==== AVAILABLE RECORDS ====

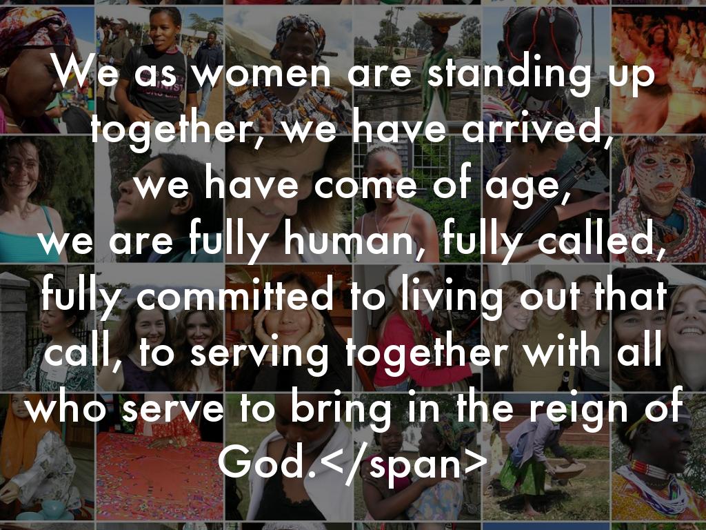 We as women are standing up together, we have arrived, we have come of age, we are fully human, fully called, fully committed to living out that call, to serving together with all who serve to bring in the reign of God.
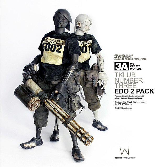 threeA 令人超級興奮的TK俱樂部第三彈終於發表了!~ 這次一共推出兩位角色EDO1、EDO2的套裝組合,一位TK 按照慣例手持雙刀,而另一位則是threeA 系列商品中首見的帶著俗稱Mini Gun 的M134迷你砲!除此之外還使用了新款式的頭雕、鉚釘造型手臂以及全新開發的手指可動手掌!~
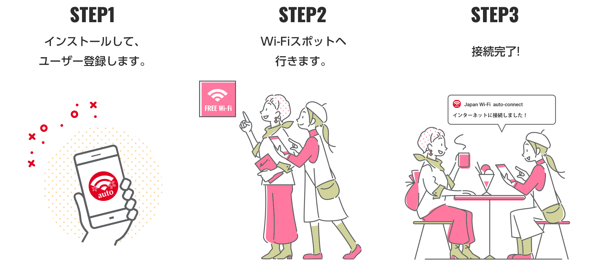 京都ポルタでは、自動でつながるアプリ「Japan Wi-Fi auto-connetct」の利用も呼びかけています。アプリユーザーであれば、利用登録手続きなしで、Wi-Fiエリアに入った時点でインターネットにつながります。京都ポルタではほぼ全館がWi-Fiエリアとなっているため、アプリを使うとさらに便利に利用することができます。
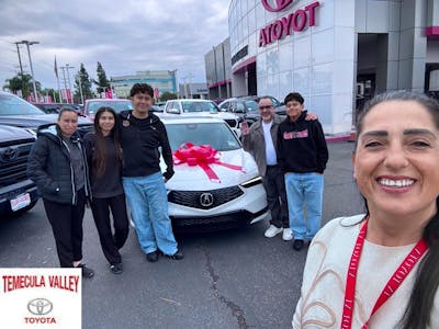 Our experience at Toyota Temecula was all around great, Entela was very positive and easy to work with, she provided good info on everything we looked at while giving us space to make our decision. The man Entela was very positive and easy to work with, she provided good info on everything we looked at while giving us space to make our decision. The manager Ryan was also a good experience to negotiate with, and Sal in finance was clear and quick to close out the deal. Everyone was very professional and we would buy from them again in the future. More
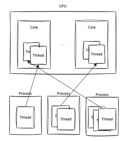 만약 누군가 이 각각이 많을수록 어떠한 영향을 줍니까?라고 물어보면 단순히 생각했을 때 Core는 뇌의 역할이니까 뇌가 많을수록 처리량이 많을 것 같고, 한 프로그램 내에 Process가 여러개로 있다면 병렬처리할 기회가 많이 생길 것 같아서 괜찮을 것 같고, Thread가 여러 개라면 이 또한 병렬처리에 유리할 것 같다.
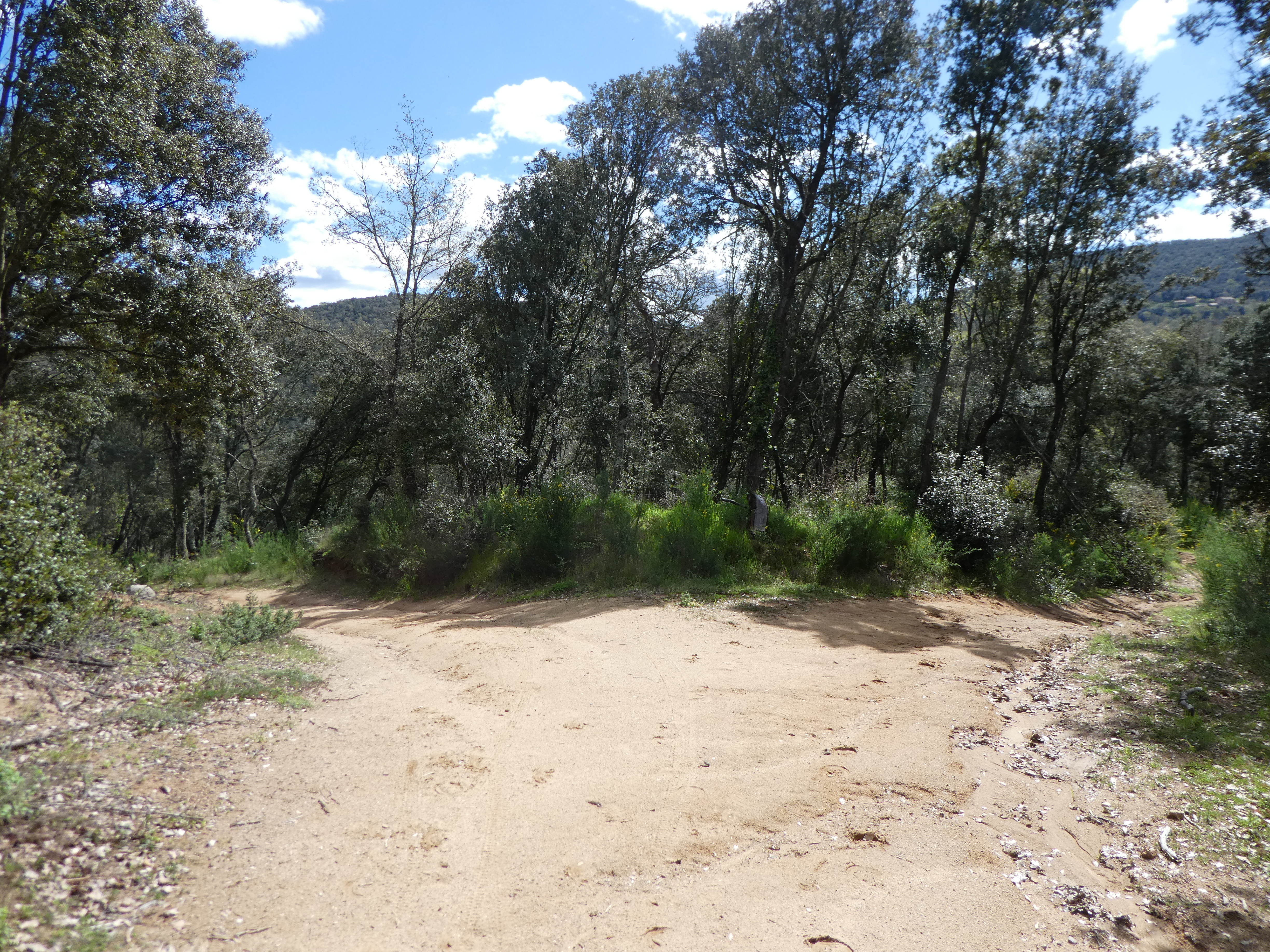 A ce croisement peu marqué avec le chemin menant au Serrat de l'Oriol (800 mètres après avoir quitté le Turó del Pou d'en Sala), suivre ce dernier partant sur la gauche direction Serrat de l'Oriol

====

• **WORK ITEM**: Pictures aside, repeat every entry exactly as written.

• **COMPLETED EXERCISE**:
 We as women are standing up together, we have arrived, we have come of age, we are fully human, fully called, fully committed to living out that call, to serving together with all who serve to bring in the reign of God.
 threeA 令人超級興奮的TK俱樂部第三彈終於發表了!~ 這次一共推出兩位角色EDO1、EDO2的套裝組合,一位TK 按照慣例手持雙刀,而另一位則是threeA 系列商品中首見的帶著俗稱Mini Gun 的M134迷你砲!除此之外還使用了新款式的頭雕、鉚釘造型手臂以及全新開發的手指可動手掌!~
 京都ポルタでは、自動でつながるアプリ「Japan Wi-Fi auto-connetct」の利用も呼びかけています。アプリユーザーであれば、利用登録手続きなしで、Wi-Fiエリアに入った時点でインターネットにつながります。京都ポルタではほぼ全館がWi-Fiエリアとなっているため、アプリを使うとさらに便利に利用することができます。
 Our experience at Toyota Temecula was all around great, Entela was very positive and easy to work with, she provided good info on everything we looked at while giving us space to make our decision. The man Entela was very positive and easy to work with, she provided good info on everything we looked at while giving us space to make our decision. The manager Ryan was also a good experience to negotiate with, and Sal in finance was clear and quick to close out the deal. Everyone was very professional and we would buy from them again in the future. More
 만약 누군가 이 각각이 많을수록 어떠한 영향을 줍니까?라고 물어보면 단순히 생각했을 때 Core는 뇌의 역할이니까 뇌가 많을수록 처리량이 많을 것 같고, 한 프로그램 내에 Process가 여러개로 있다면 병렬처리할 기회가 많이 생길 것 같아서 괜찮을 것 같고, Thread가 여러 개라면 이 또한 병렬처리에 유리할 것 같다.
 A ce croisement peu marqué avec le chemin menant au Serrat de l'Oriol (800 mètres après avoir quitté le Turó del Pou d'en Sala), suivre ce dernier partant sur la gauche direction Serrat de l'Oriol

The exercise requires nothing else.